An exact transcription is needed of the lines below from the one with "Степан Бандера, Роман" through the one with "Recreatievoorzieningen in de", with no other lines and no pictures.

--- SUPPLIED MATERIAL ---
##########

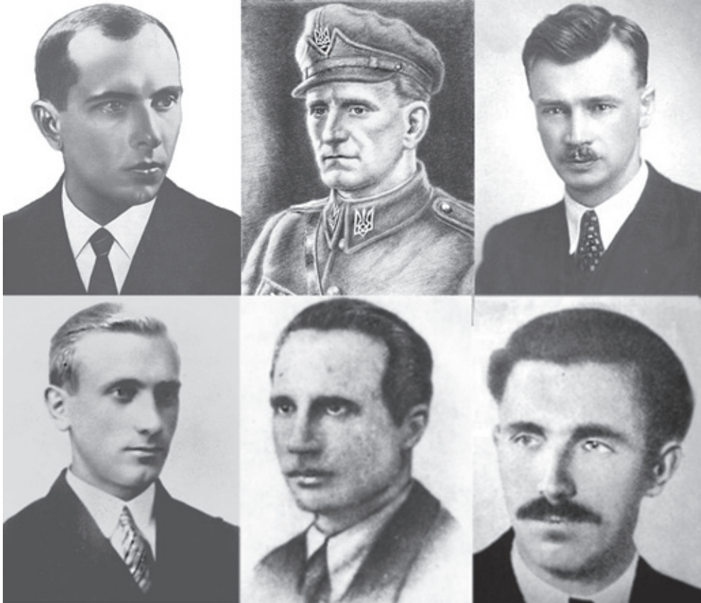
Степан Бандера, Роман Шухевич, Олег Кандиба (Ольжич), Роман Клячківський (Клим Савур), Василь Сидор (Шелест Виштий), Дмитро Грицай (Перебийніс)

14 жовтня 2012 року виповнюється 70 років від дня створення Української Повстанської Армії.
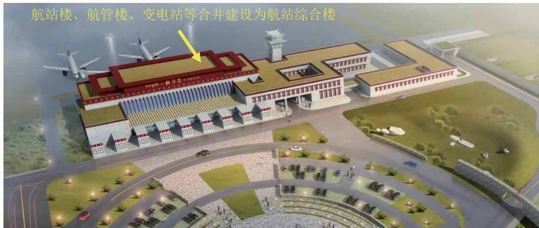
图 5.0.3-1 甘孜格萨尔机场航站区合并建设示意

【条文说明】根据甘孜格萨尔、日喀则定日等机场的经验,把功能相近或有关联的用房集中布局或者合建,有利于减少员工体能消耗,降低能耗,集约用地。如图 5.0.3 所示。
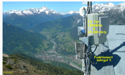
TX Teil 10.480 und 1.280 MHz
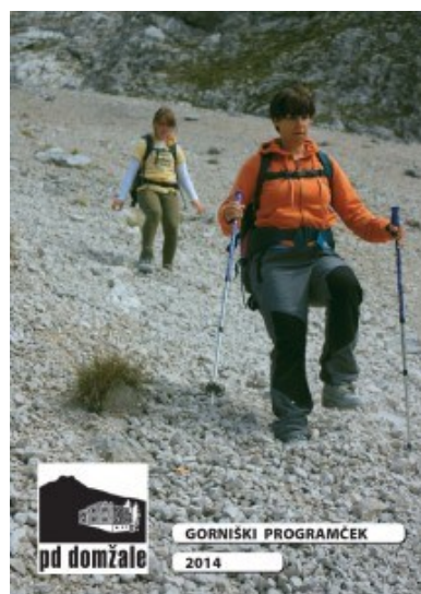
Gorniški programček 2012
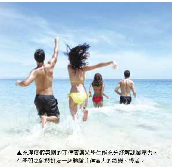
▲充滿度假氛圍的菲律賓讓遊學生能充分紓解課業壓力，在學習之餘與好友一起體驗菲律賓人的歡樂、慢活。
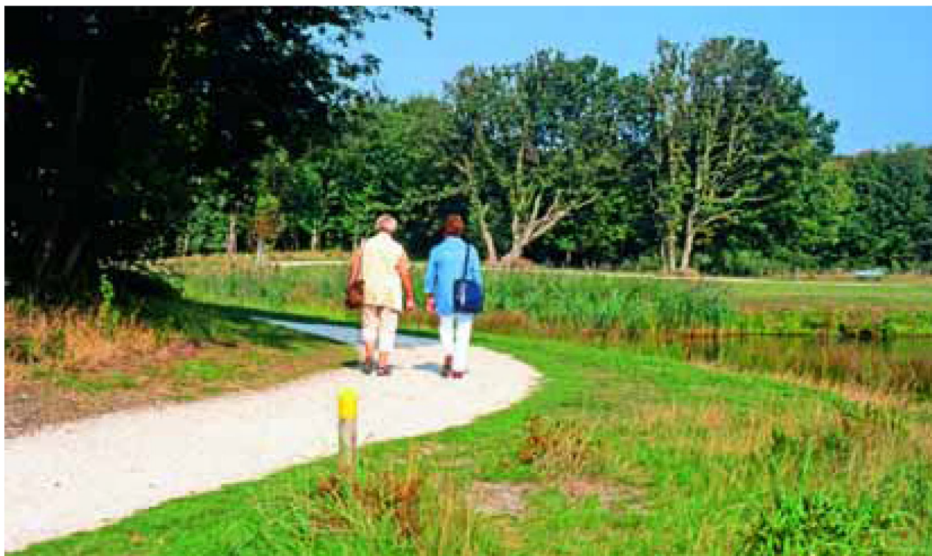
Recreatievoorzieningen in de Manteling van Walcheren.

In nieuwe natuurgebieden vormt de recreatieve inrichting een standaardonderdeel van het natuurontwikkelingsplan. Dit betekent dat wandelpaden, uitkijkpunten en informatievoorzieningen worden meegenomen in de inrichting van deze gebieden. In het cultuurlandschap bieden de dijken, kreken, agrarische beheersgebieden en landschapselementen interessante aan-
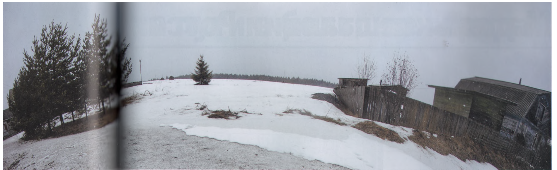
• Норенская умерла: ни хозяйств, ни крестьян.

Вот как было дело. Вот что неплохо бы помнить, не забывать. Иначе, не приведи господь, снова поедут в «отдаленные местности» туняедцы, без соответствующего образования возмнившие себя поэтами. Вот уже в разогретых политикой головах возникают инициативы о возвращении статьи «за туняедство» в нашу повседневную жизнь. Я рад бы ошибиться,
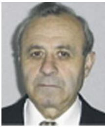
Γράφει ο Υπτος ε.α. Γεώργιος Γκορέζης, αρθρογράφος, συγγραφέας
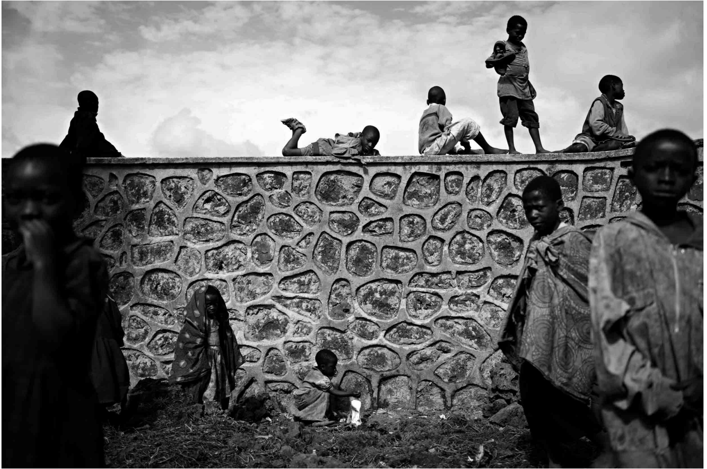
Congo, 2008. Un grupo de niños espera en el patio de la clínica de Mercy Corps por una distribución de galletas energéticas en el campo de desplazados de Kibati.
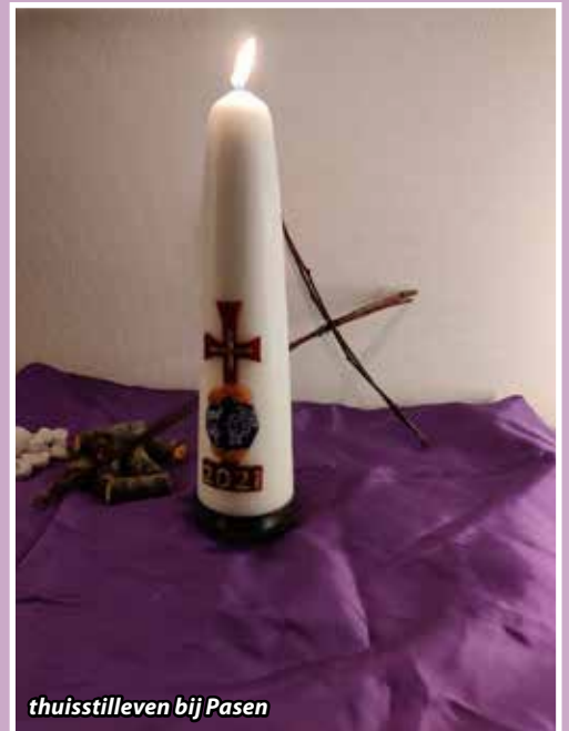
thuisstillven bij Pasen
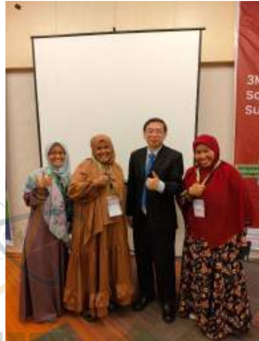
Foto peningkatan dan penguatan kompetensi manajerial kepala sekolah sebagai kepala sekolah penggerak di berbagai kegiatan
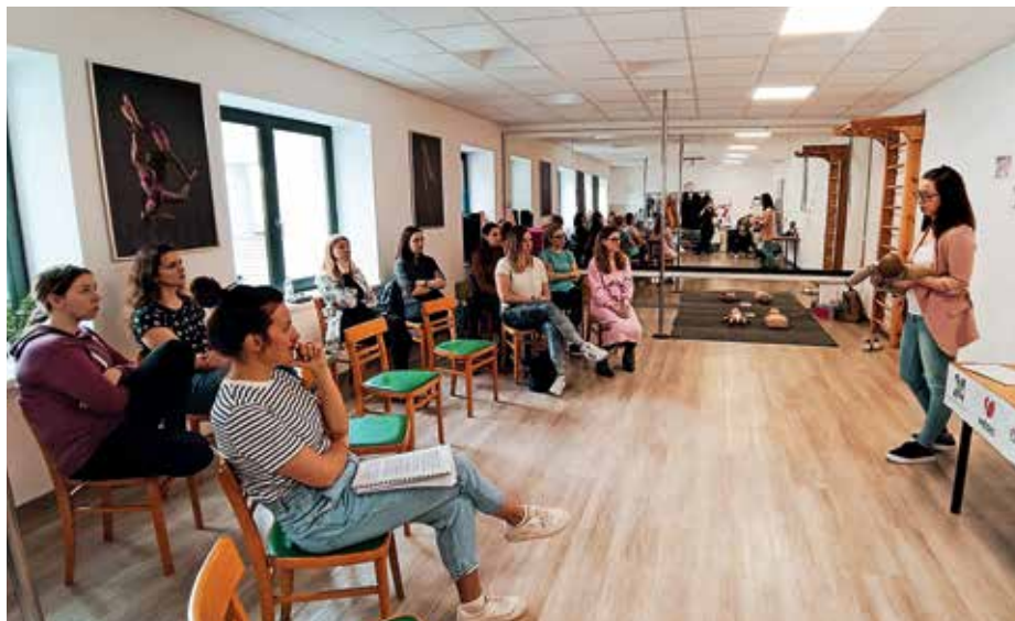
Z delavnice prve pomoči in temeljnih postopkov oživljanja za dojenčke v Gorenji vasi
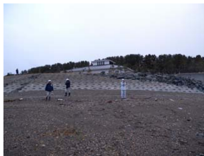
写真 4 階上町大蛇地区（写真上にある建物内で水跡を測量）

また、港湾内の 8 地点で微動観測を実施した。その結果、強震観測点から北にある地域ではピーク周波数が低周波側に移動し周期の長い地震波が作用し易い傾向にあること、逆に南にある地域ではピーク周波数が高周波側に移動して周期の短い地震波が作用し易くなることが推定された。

##########

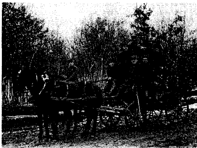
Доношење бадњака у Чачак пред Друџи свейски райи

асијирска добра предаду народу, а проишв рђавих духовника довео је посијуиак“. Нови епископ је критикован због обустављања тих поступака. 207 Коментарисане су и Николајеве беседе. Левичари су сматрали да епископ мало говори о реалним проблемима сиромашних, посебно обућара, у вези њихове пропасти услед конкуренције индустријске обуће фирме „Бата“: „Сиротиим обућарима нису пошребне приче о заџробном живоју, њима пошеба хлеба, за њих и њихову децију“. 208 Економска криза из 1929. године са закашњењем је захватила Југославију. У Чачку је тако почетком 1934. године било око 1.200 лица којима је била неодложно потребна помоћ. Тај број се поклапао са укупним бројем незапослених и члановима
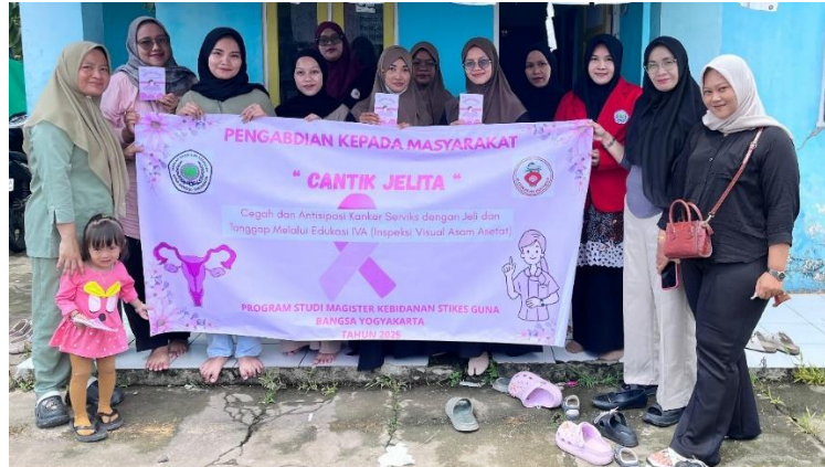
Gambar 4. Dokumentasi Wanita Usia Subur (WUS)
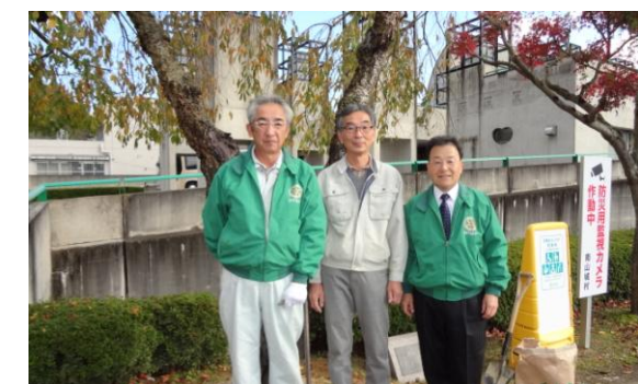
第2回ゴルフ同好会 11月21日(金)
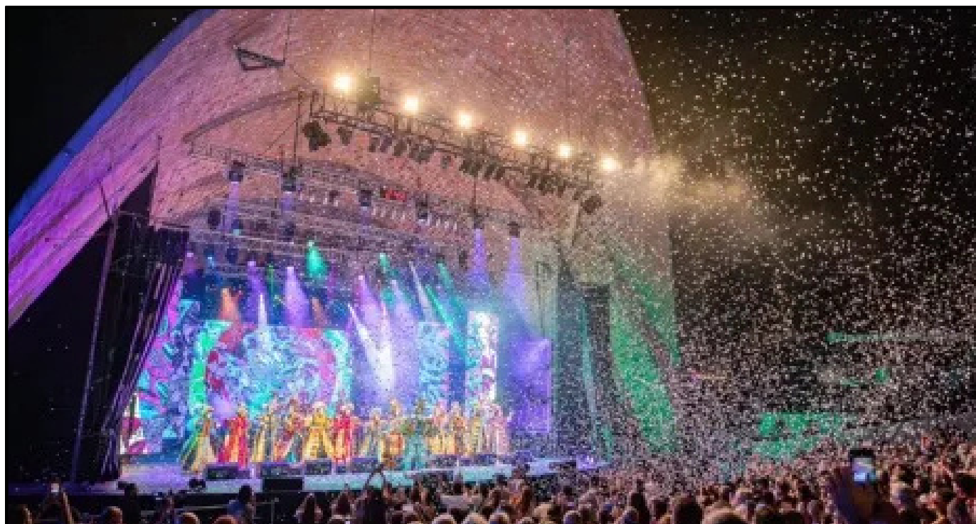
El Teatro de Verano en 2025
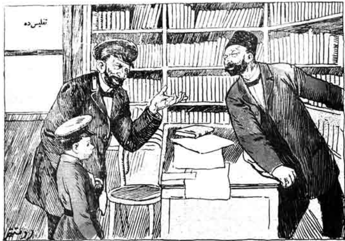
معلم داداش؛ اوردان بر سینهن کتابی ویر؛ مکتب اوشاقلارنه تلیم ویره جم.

##########

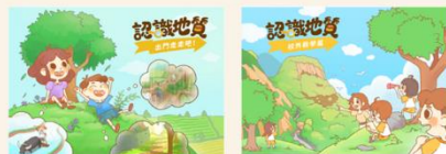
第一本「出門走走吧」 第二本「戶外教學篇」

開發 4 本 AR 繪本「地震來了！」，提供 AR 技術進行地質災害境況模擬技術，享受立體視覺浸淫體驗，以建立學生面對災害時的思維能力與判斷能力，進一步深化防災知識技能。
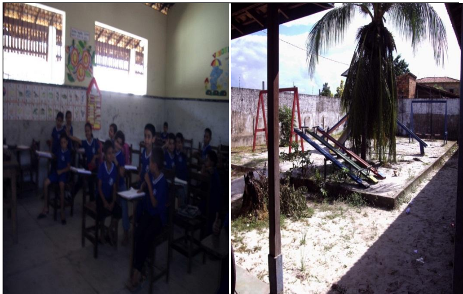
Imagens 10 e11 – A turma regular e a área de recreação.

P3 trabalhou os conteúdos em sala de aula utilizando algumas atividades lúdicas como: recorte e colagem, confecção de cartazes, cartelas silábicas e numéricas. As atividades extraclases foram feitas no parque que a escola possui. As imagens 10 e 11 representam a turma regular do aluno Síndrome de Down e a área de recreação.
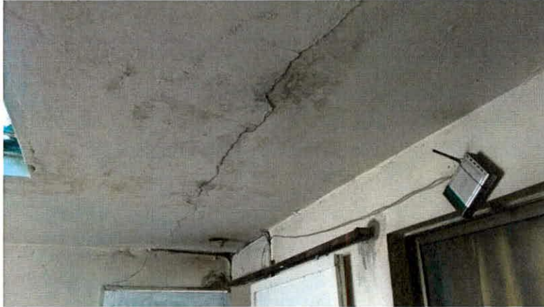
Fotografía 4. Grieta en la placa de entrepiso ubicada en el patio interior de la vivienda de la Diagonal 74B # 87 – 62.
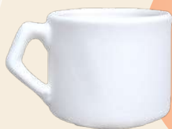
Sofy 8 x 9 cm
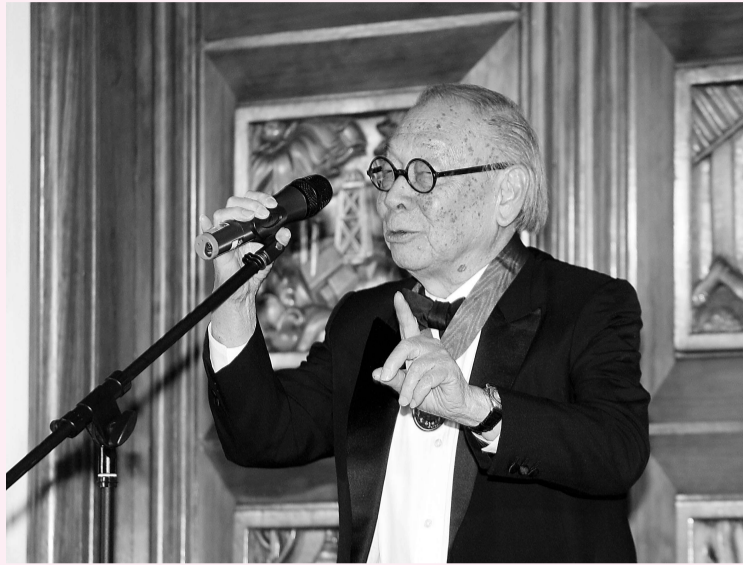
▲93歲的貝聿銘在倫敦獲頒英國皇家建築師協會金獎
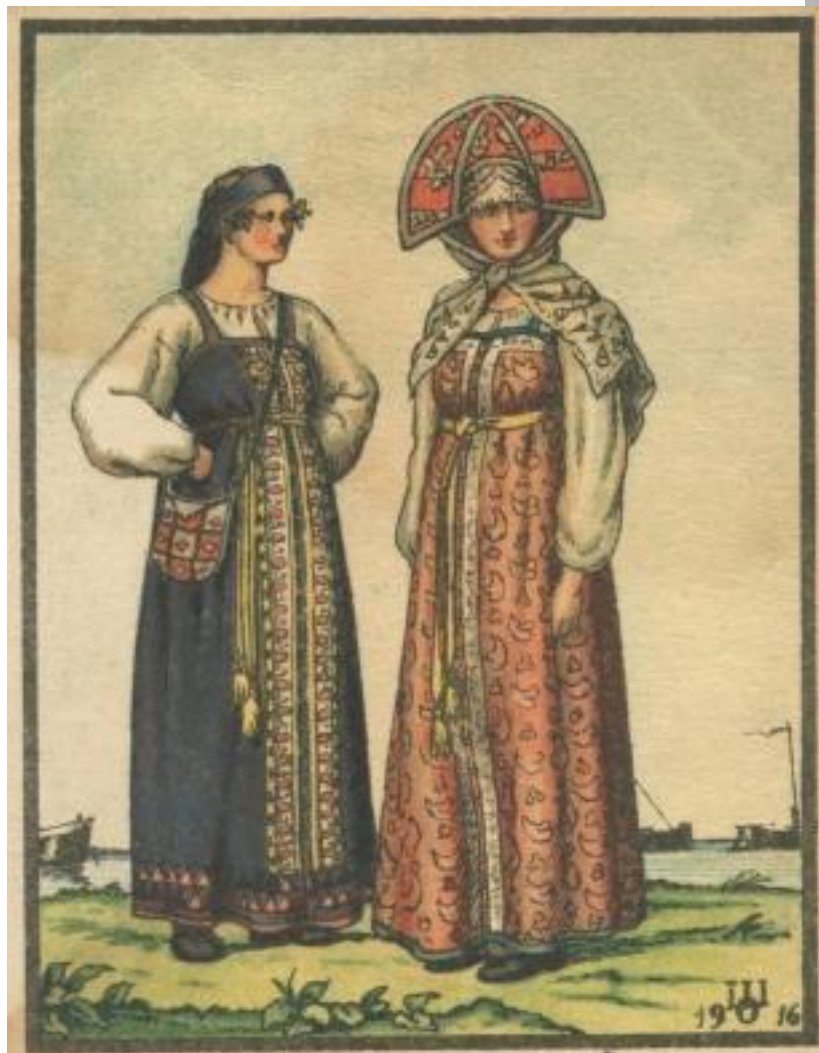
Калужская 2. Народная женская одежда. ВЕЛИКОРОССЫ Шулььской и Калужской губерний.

##########

--- SOLUTION FOR THIS TASK ---
Степан Бандера, Роман Шухевич, Олег Кандиба (Ольжич), Роман Клячківський (Клим Савур), Василь Сидор (Шелест Виштий), Дмитро Грицай (Перебийніс)

14 жовтня 2012 року виповнюється 70 років від дня створення Української Повстанської Армії.
图 5.0.3-1 甘孜格萨尔机场航站区合并建设示意

【条文说明】根据甘孜格萨尔、日喀则定日等机场的经验,把功能相近或有关联的用房集中布局或者合建,有利于减少员工体能消耗,降低能耗,集约用地。如图 5.0.3 所示。
TX Teil 10.480 und 1.280 MHz
Gorniški programček 2012
▲充滿度假氛圍的菲律賓讓遊學生能充分紓解課業壓力，在學習之餘與好友一起體驗菲律賓人的歡樂、慢活。
Recreatievoorzieningen in de Manteling van Walcheren.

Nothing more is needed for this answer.